• **Dataset section**:

=== Begin Enclosure ===

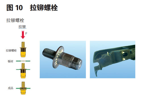 拉鉚是通過(guò)標(biāo)準(zhǔn)件頭部拉壓變形膨脹,與端部法蘭面上下夾住板材開(kāi)孔,形成一種穩(wěn)定可靠的標(biāo)準(zhǔn)件連接形式。用于各類(lèi)金屬板材、管材等制造工業(yè)的緊固領(lǐng)域;在鋁車(chē)身上應(yīng)用廣泛。其結(jié)構(gòu)形式如下圖 9、圖 10 所示。
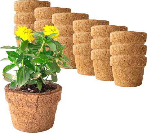 Coconut Fiber Planter Pots - 18 Pack - 5.5 in. Rim By 4.25 in. Tall - Blunt, Round - Garden Seed Starting Pots - Coco Coir Greenhouse & Nursery
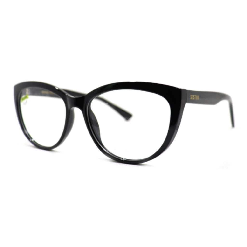Descrição: Armação de grau para mulheres na preto polido / preto brilho em acetato leve e confortável da marca Sestini.

=== End Enclosure ===

• **Activity**:
Please reprint the whole listing exactly and omit its pictures.

• **Task solution**:
 拉鉚是通過(guò)標(biāo)準(zhǔn)件頭部拉壓變形膨脹,與端部法蘭面上下夾住板材開(kāi)孔,形成一種穩(wěn)定可靠的標(biāo)準(zhǔn)件連接形式。用于各類(lèi)金屬板材、管材等制造工業(yè)的緊固領(lǐng)域;在鋁車(chē)身上應(yīng)用廣泛。其結(jié)構(gòu)形式如下圖 9、圖 10 所示。
 Coconut Fiber Planter Pots - 18 Pack - 5.5 in. Rim By 4.25 in. Tall - Blunt, Round - Garden Seed Starting Pots - Coco Coir Greenhouse & Nursery
Descrição: Armação de grau para mulheres na preto polido / preto brilho em acetato leve e confortável da marca Sestini.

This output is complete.